2. Long Term Capital Gain (LTCG) on the sale of agricultural lands.

Detailed Analysis:

1. Deduction under Section 54F:

The Revenue appealed against the order granting the assessee a deduction under Section 54F amounting to Rs. 7,28,85,153/-. The assessee had sold five non-agricultural lands and claimed this deduction. The AO questioned the validity of the deduction, arguing that the agreement to sell the new property was unregistered and not notarized, and thus had no evidentiary value under Section 17 of the Registration and Other Related (Amendment) Act, 2001, and Section 53A of the Transfer of Property Act. The AO also noted that the scheme was not completed within three years and that the nature of the property (residential vs. commercial) was not substantiated.

The CIT(A) admitted additional evidence and ruled in favor of the assessee, noting that the investment in the new residential property was genuine and that the delay in project completion was beyond the assessee's control. The CIT(A) also emphasized that the entire amount of capital gain was invested in the new property, thus fulfilling the conditions for deduction under Section 54F.

2. Long Term Capital Gain on Agricultural Lands:

The AO added Rs. 2,00,14,765/- to the total income of the assessee, arguing that the sale proceeds from two agricultural lands were not disclosed in the return of income. The AO observed that these lands were in the vicinity of other non-agricultural lands sold by the assessee and concluded that no agricultural activities were carried out on these lands, thus treating them as non-agricultural.

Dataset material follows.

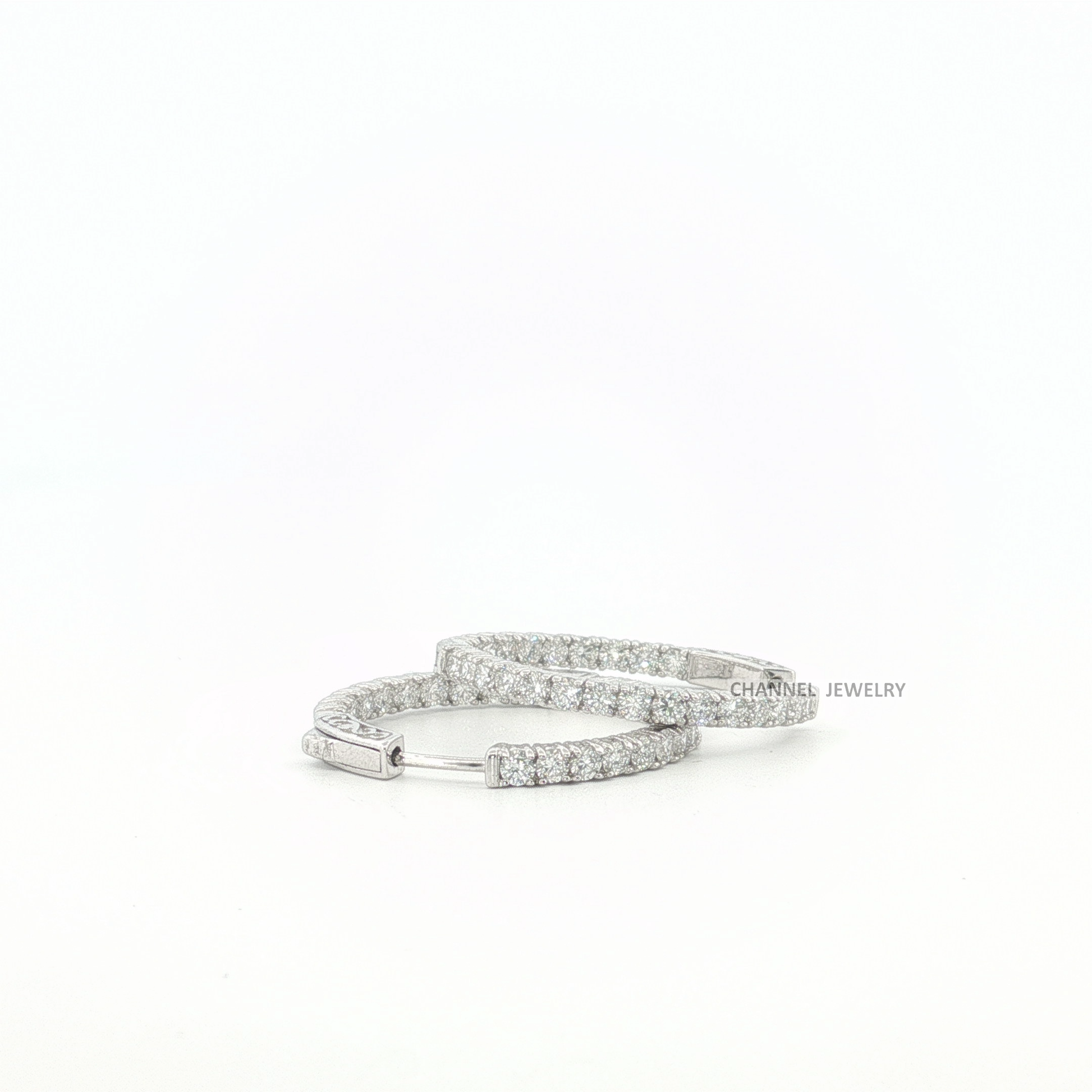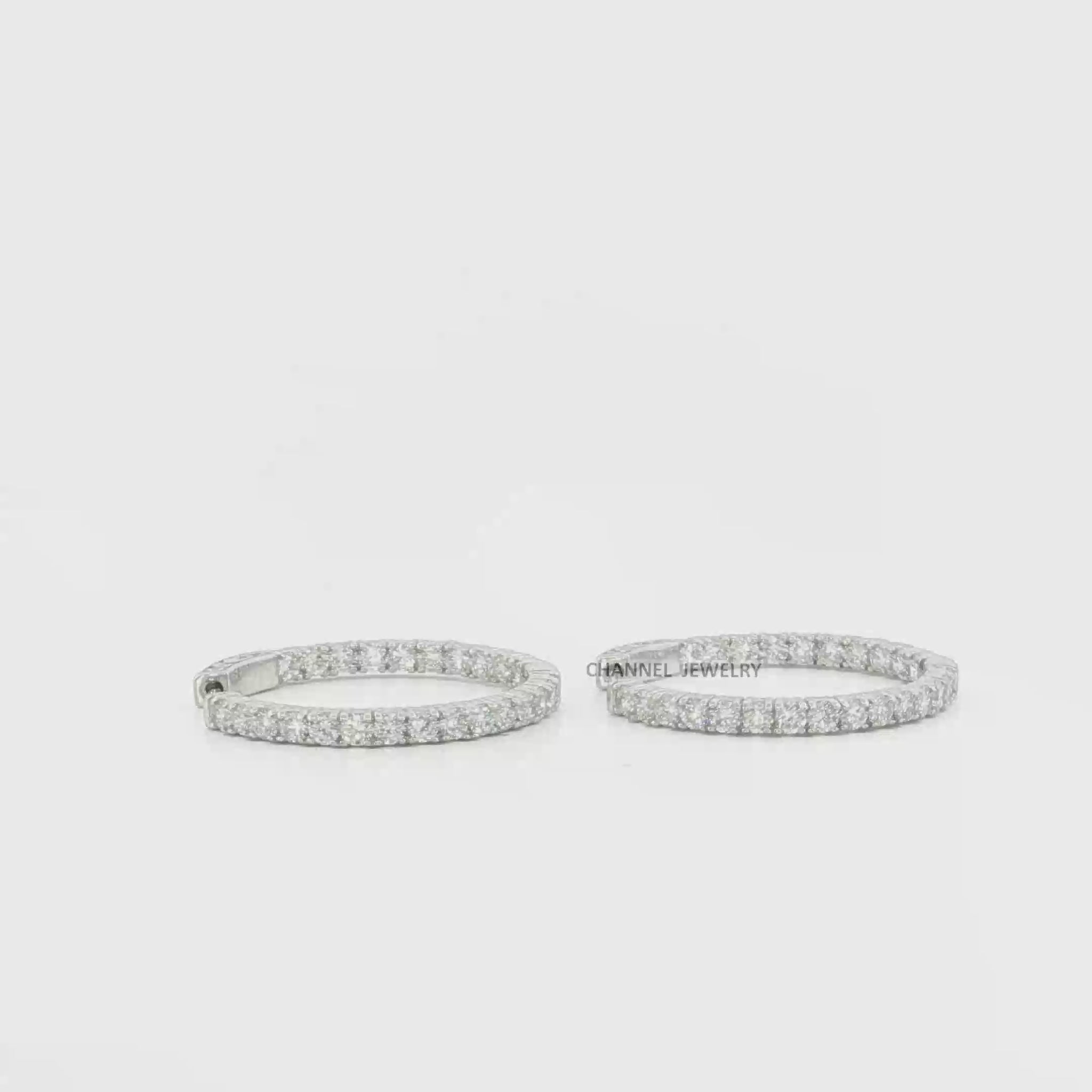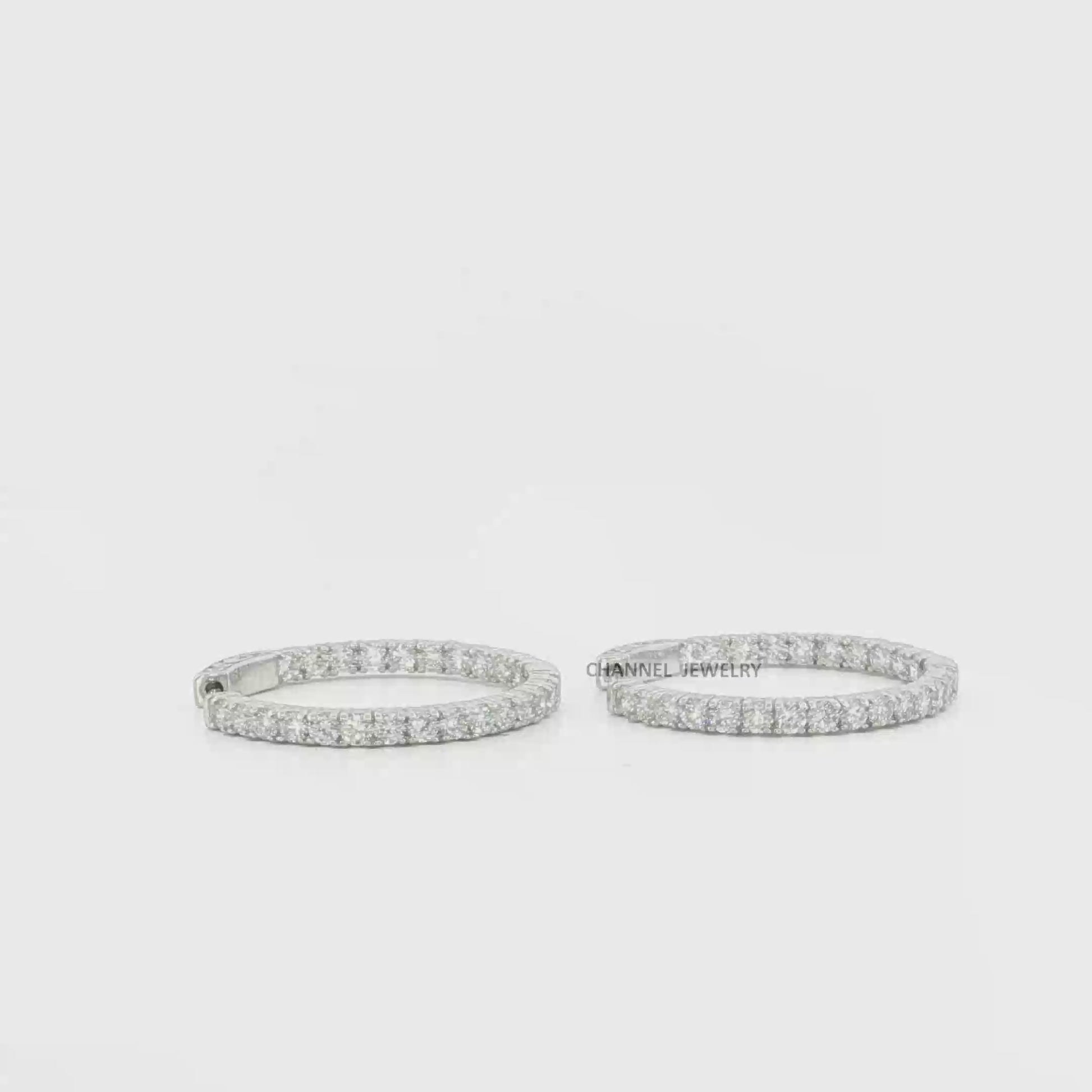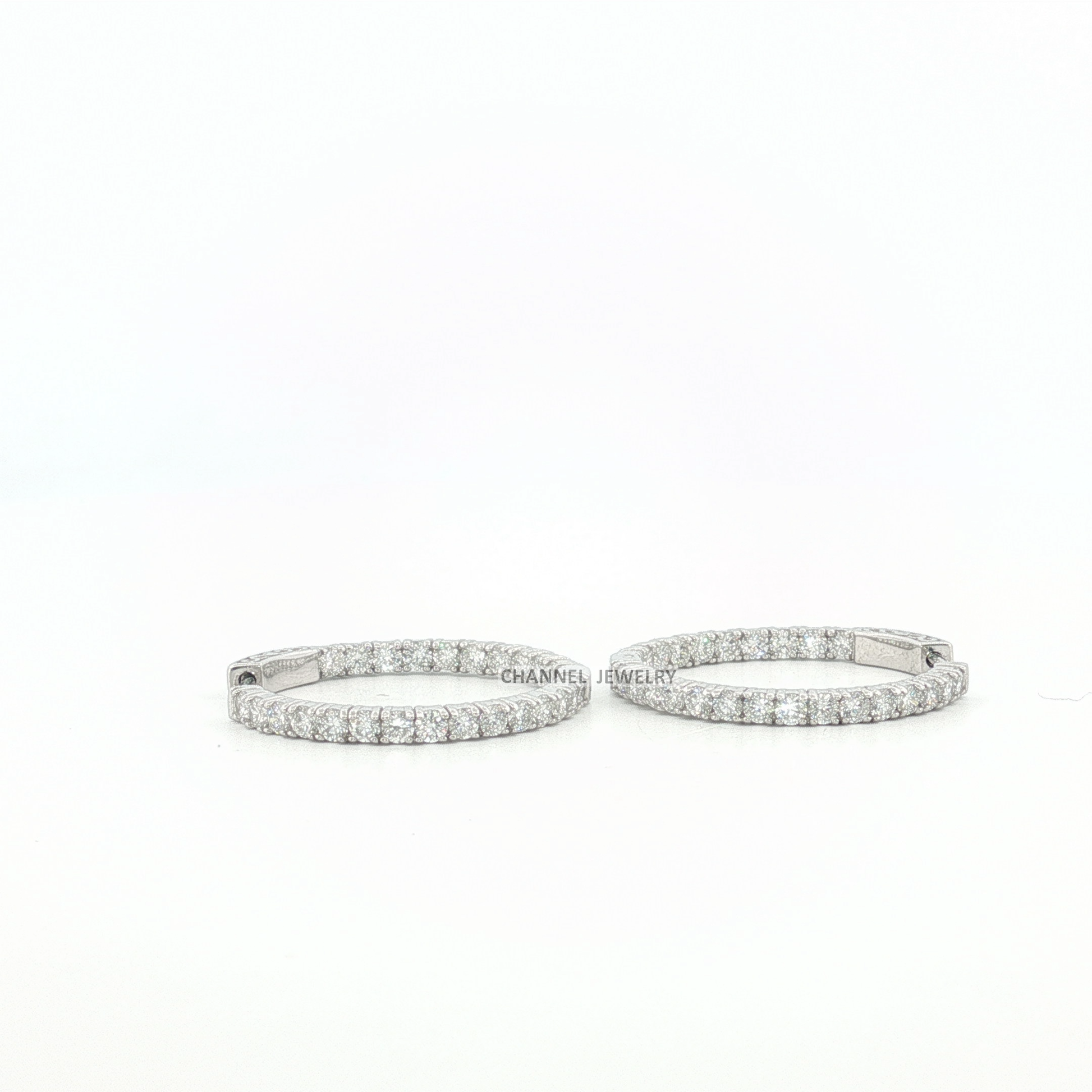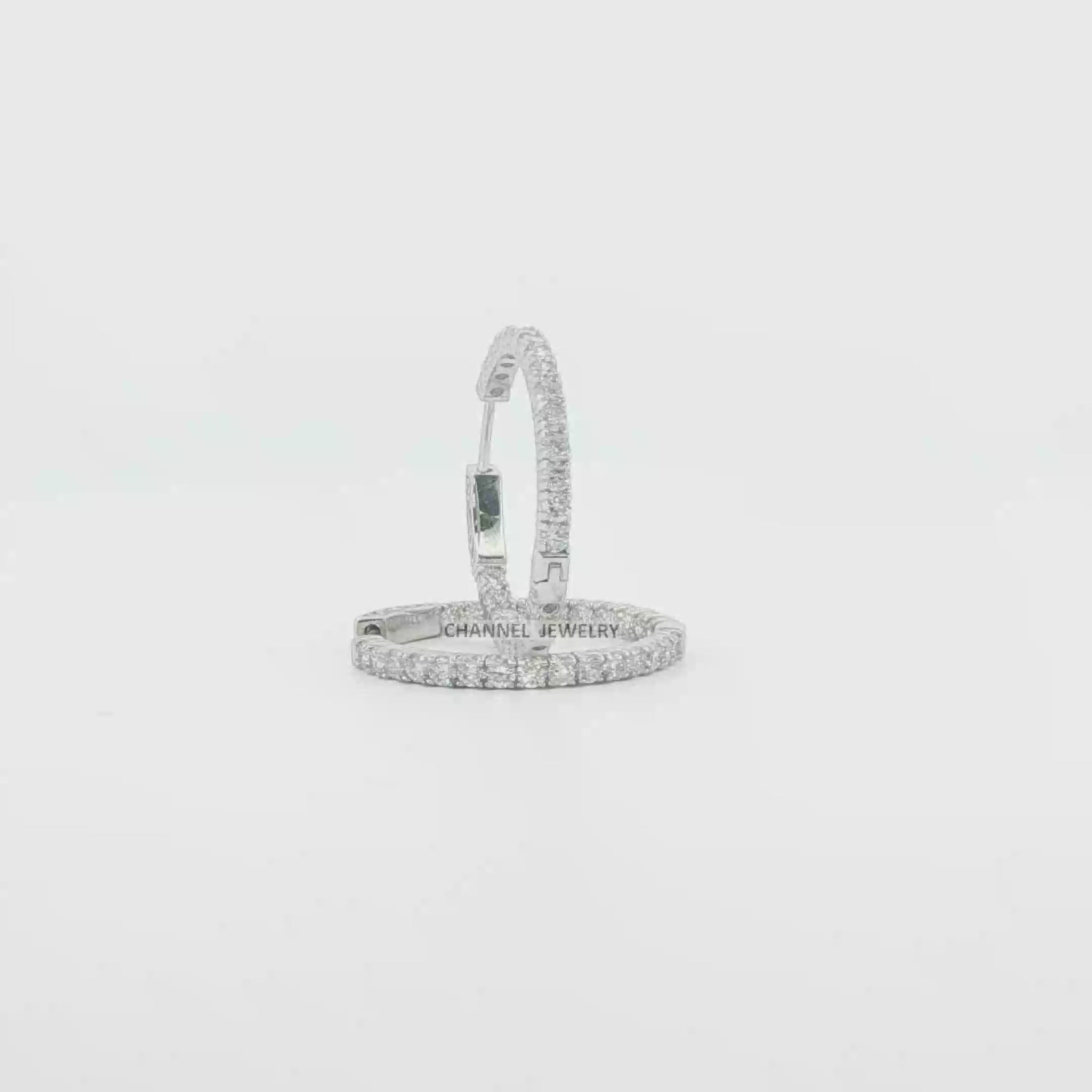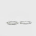 Dazzle in understated elegance with these exquisite white gold hoop earrings. Crafted in lustrous gold, they boast a timeless design. Each earring is meticulously set with round cut diamonds, showcasing brilliant sparkle with every turn. The diamonds are arranged in a secure and refined setting, creating a seamless band of light.

The assessee contended before the CIT(A) that the lands were agricultural and beyond 8 km from the local limits of the municipality, thus not qualifying as capital assets under Section 2(14) of the Act. The CIT(A) accepted this argument, supported by a certificate from the Palodiya Gram Panchayat and Google Maps evidence, which confirmed the lands were beyond 8 km from the Ahmedabad Urban Area.

Final Judgment:

The ITAT found that the AO was not given sufficient opportunity to consider the additional evidence submitted by the assessee. The ITAT noted that the CIT(A) admitted these additional evidences without a proper remand report from the AO. Consequently, the ITAT set aside the order of the CIT(A) and remanded the matter back to the AO for fresh adjudication, ensuring that the AO is given a reasonable opportunity to review the additional evidence and provide a thorough report. The appeal by the Revenue was allowed for statistical purposes.

Conclusion:

The ITAT emphasized the need for a thorough review by the AO, considering all additional evidence submitted by the assessee, to ensure a fair and just resolution of the issues regarding the deduction under Section 54F and the LTCG on agricultural lands. The case was remanded to the AO for a fresh decision, with instructions to provide the assessee with an opportunity to be heard and to avoid unnecessary adjournments.